First and foremost, you must understand where the bottleneck is located before you can make any progress.
Hosts are quick to recommend new hardware but in many cases, unless it is clear you have hardware limitations, new hardware may not yield significant improvements.
Adding hardware has diminishing returns if not done smartly. Going from one server to two may double your resources but you then need to go from 2->4, 4->8 to get the same bump.
Monitor and Measure
If you are not monitoring system metrics, load times and other data, then that is the first place to start. Free tools like Munin and systat are great on server solutions. Tools like http://Browsermob.com and http://webpagetest.org can provide you with user-focused metrics.
Segment Traffic
Typically a straight port of a complex media site to another server is not very effective. Often you will get superior results for your investment by segmenting traffic.
For example, we have a client with a very busy flash game site (millions of hits/day). We have offloaded the flash games to a pool of inexpensive servers running Nginx. These systems push out TB's of traffic/month. These are entry level boxes and all they serve up is static content.
Now on the cost side, these two entry boxes combined were 20% cheaper than the primary server. We gained more than a 4x capacity improvement. If we had just cloned the primary server and load balanced, I suspect at best the improvement would have been 1.5-1.8x.

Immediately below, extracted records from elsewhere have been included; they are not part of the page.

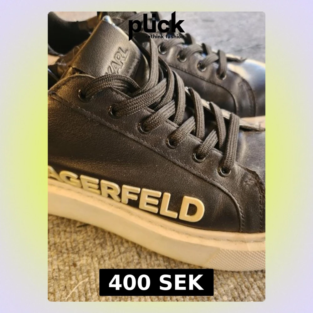 Svarta sneakers från Karl Lagerfeld med vit, grov sula och tydlig logga på sidan. Skorna har svart snörning och häl med präglad logga. Snygga och perfekta för dig som gillar streetstyle. Stl 37 men passar även en mindre 38.
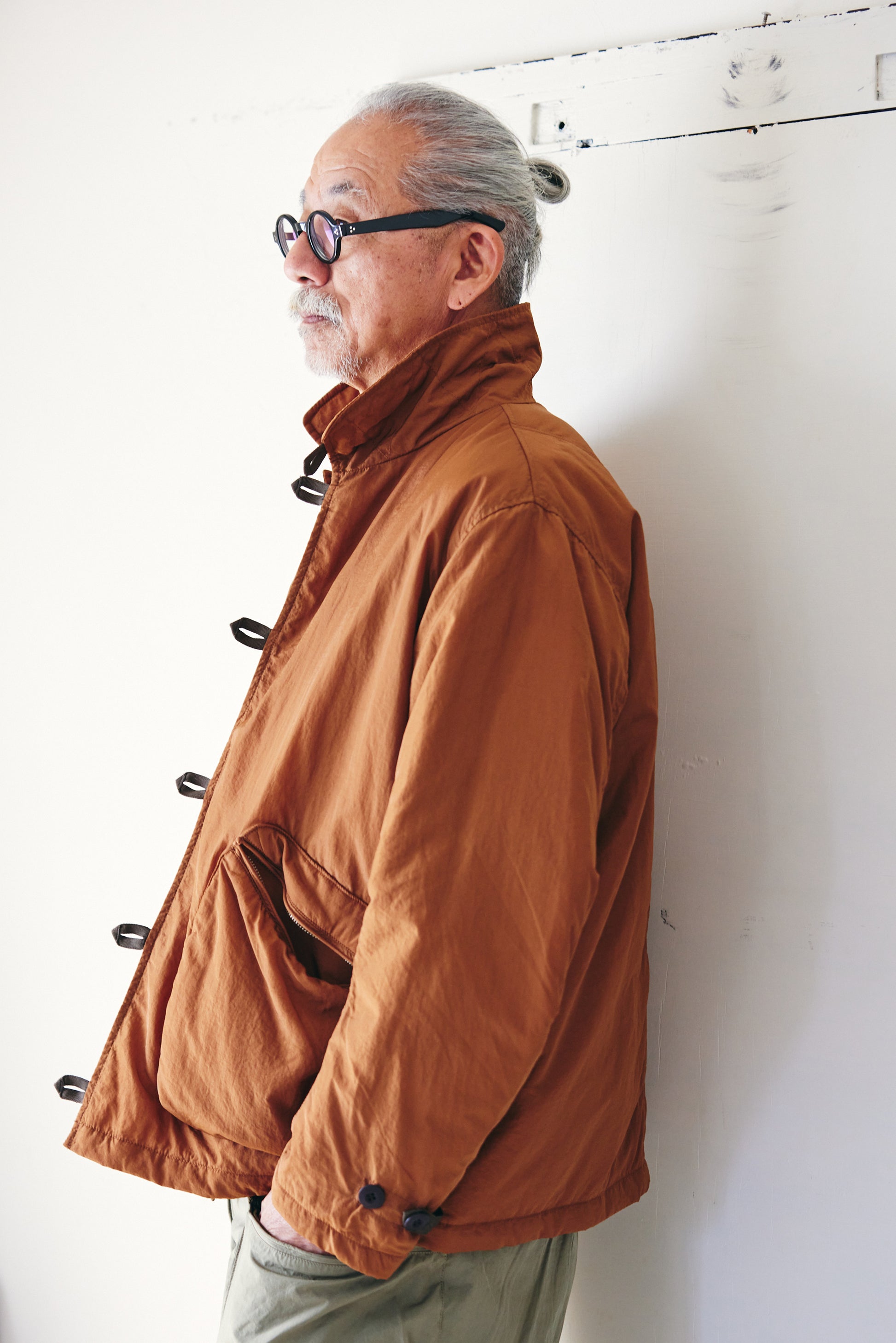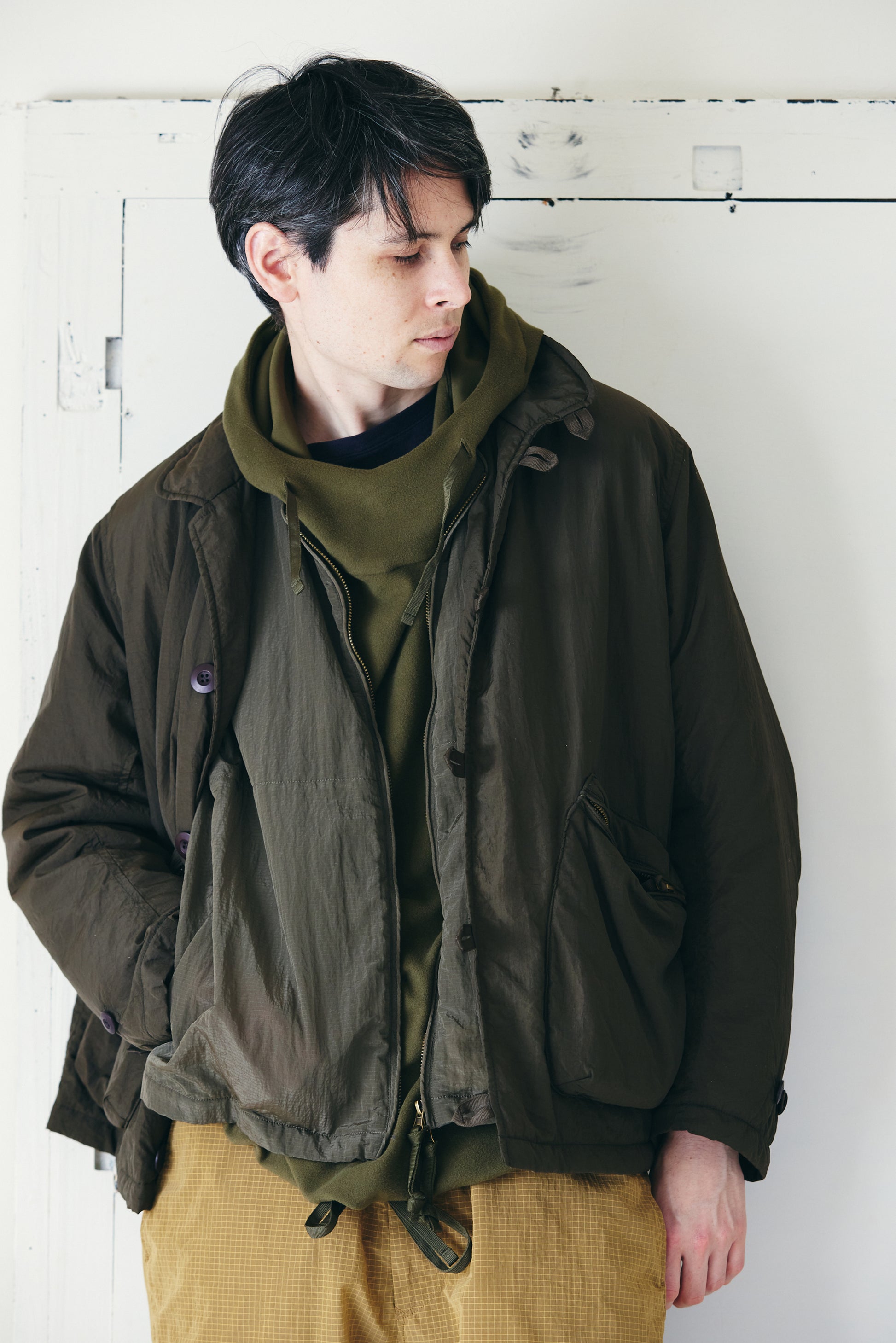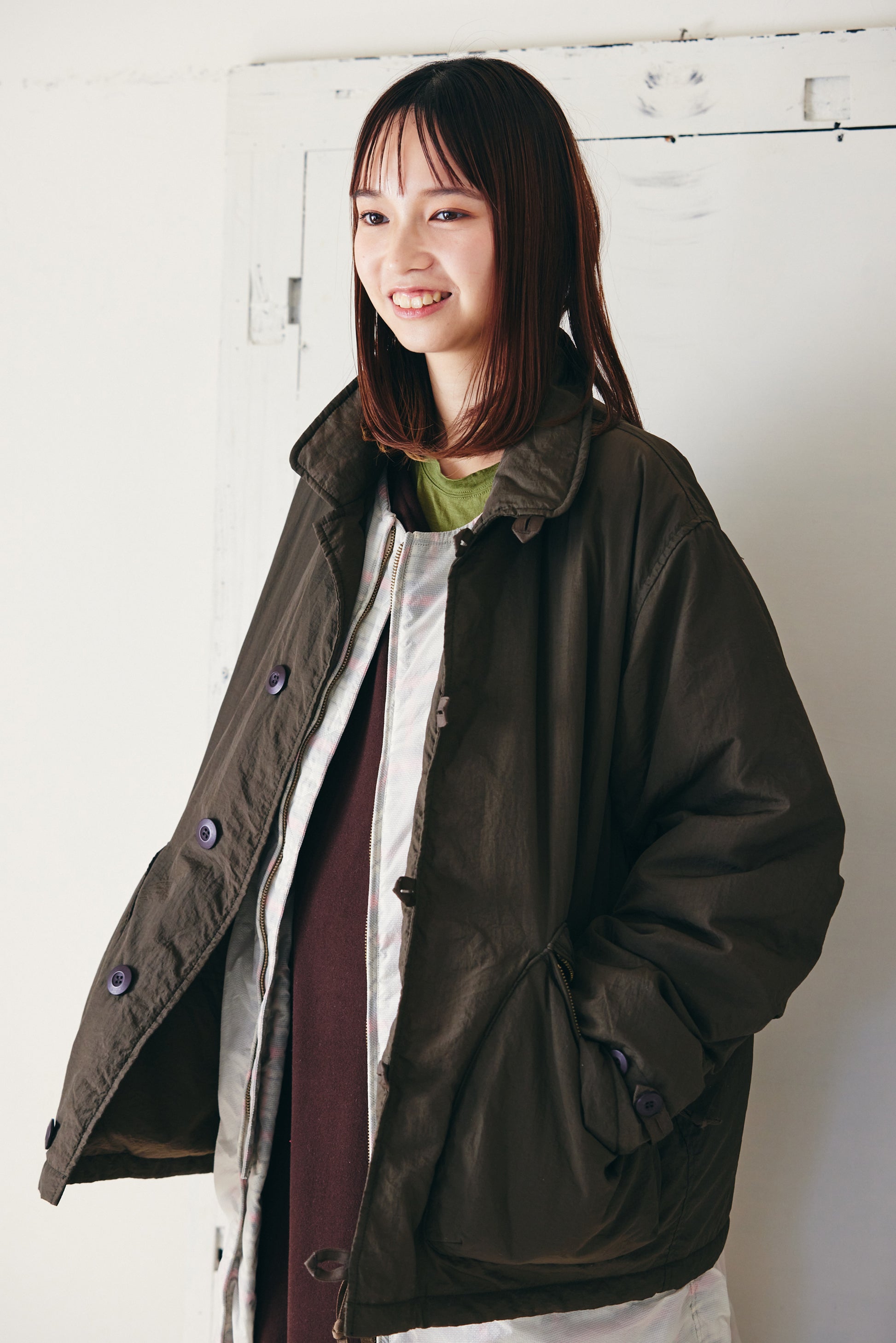 ナイロン素材を使用した中綿入りアウターです。通常ボタンのフロントループはコットンの紐を使いますが、あえてポリテープを使用し、ポイントになる様にデザインをしました。ポケットはフラットな見え方にならない様に、ダーツを入れて立体感を出しています。中綿はあまり厚くならない様に60gのシンサレートを使用しています。もたつきが少なく、重ね着がしやすい程よい厚さです。もちろん保温力も◎
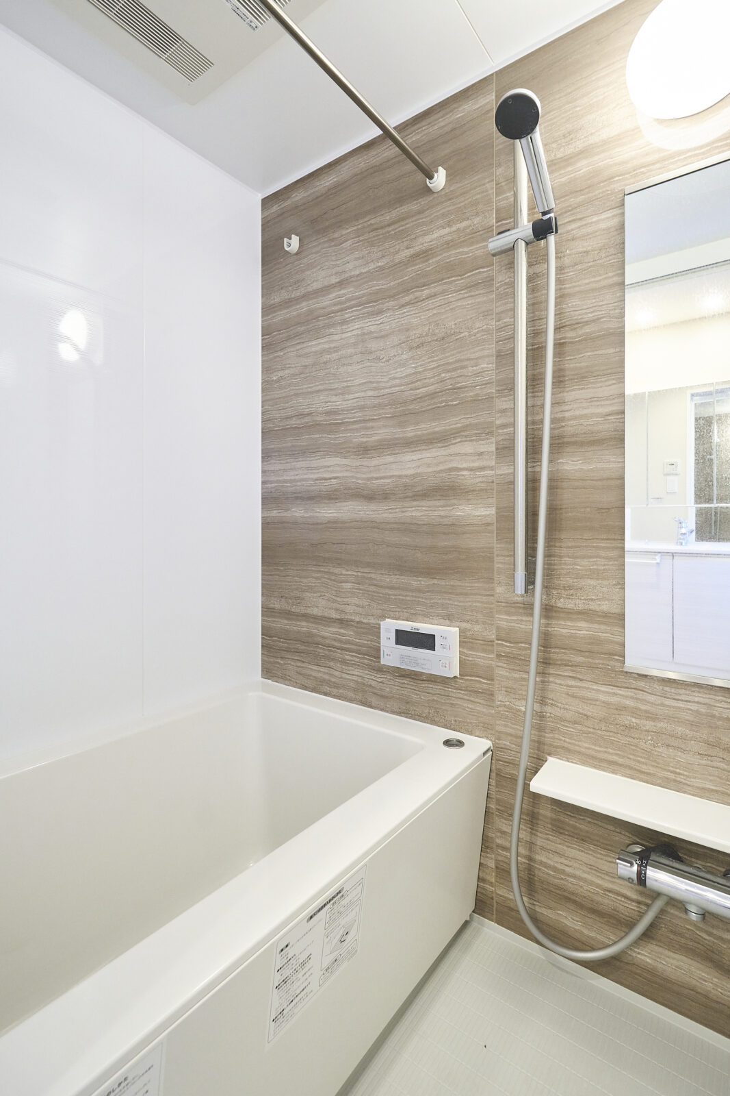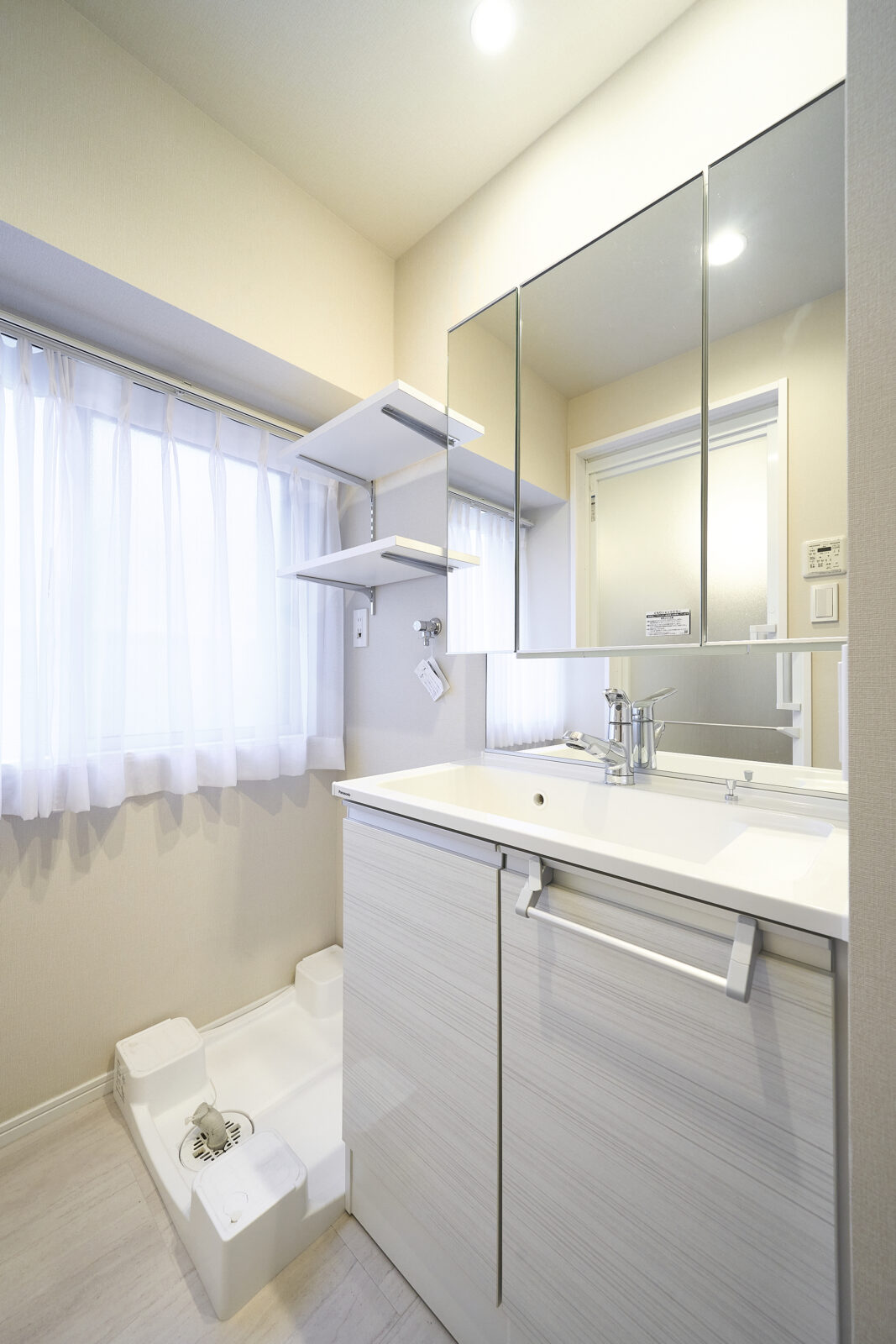 明るく木目調で統一されたサニタリースペースは、日々の疲れを癒してくれる。
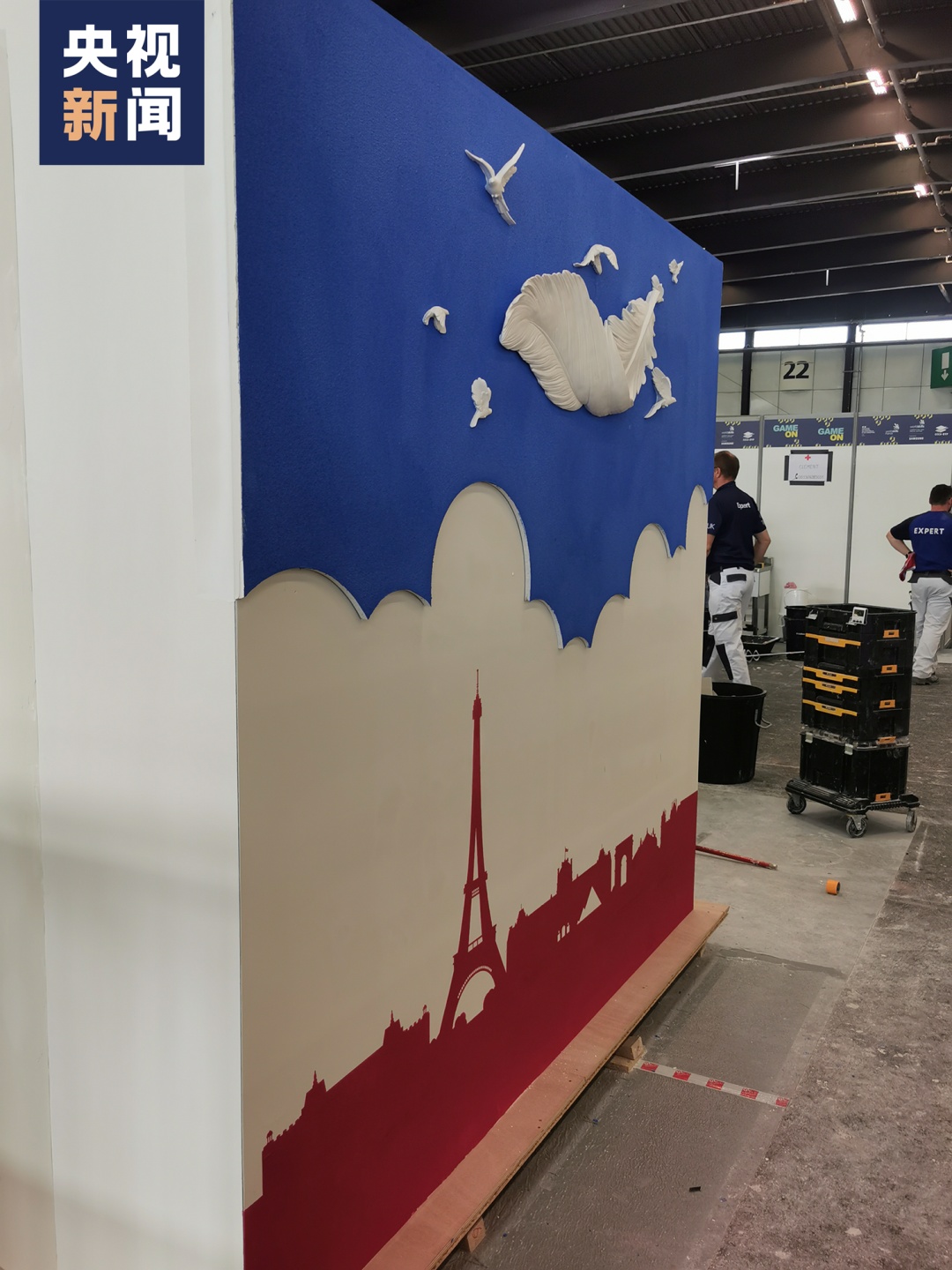他构思的是埃菲尔铁塔与蓝天交相辉映,顶部中央一枚卷起的白色羽毛被群鸽环绕。“羽毛和鸽群是最大的难点,它们是3D的,细微的地方需要镊子抠出细节。”
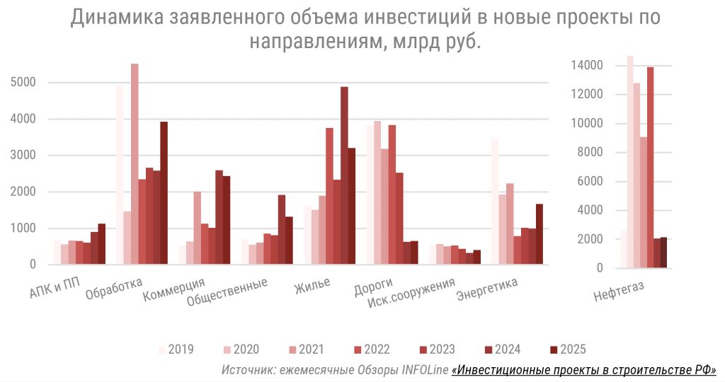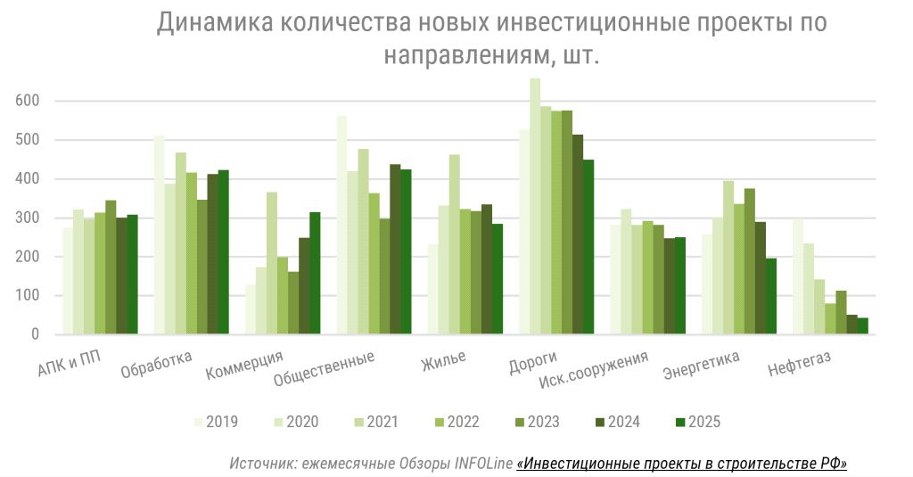 Согласно данным ежемесячного обзора INFOLine «Инвестиционные проекты в строительстве РФ», количество новых инвестиционных проектов в 2025 году демонстрирует снижение или стагнацию по большинству направлений. Всего за 2025 год заявлена реализация около 2700 новых значимых проектов (снижение на 5% по сравнению с 2024 г.) с общим объемом вложений свыше 16,9 трлн рублей, что на 1,1% больше, чем годом ранее.
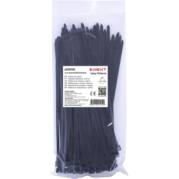 Придбати Кабельна стяжка e.ct.stand.500.8.black (100шт), чорна з категорії Кабельні стяжки пластикові - модель: s015118, виробник: E.NEXT) за ціною 629.20 грн. грн можна в надійному інтернет-магазині KaratLTD.com.ua. В наявності — 1 одиниць, тож ви зможете швидко оформити замовлення без зайвого очікування.
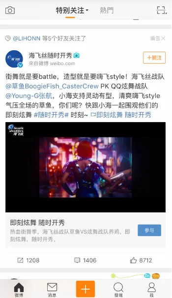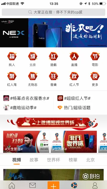 视频类广告放置在微博关注页面的最上面,以作者头像为入口进行聚合,显示在feed顶部。非常的醒目,容易引起用户的点击。视频运用的是竖屏拍摄,符合用户运用手机端浏览文章的习惯。视频更能体现出产品的特点,引发用户的兴趣,支持添加外链跳转。
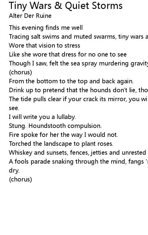 Tracing salt swims and muted swarms, tiny wars and quiet storms.

In short, putting some effort into understanding the guts of the performance issue can save you a lot of money later on.
DNS Made Easy
This is a DNS solution and does not really address load balancing. They may be talking about round-robin DNS. Not really sure why this was brought into the equation at this stage.
Ldirector
This is a tool to manage nodes in a LVS cluster. Once again not sure whey this specific item was suggested. Typically we just use a load balancer (hardware or something like Nginx/HA-Proxy) and route traffic to the appropriate backend servers.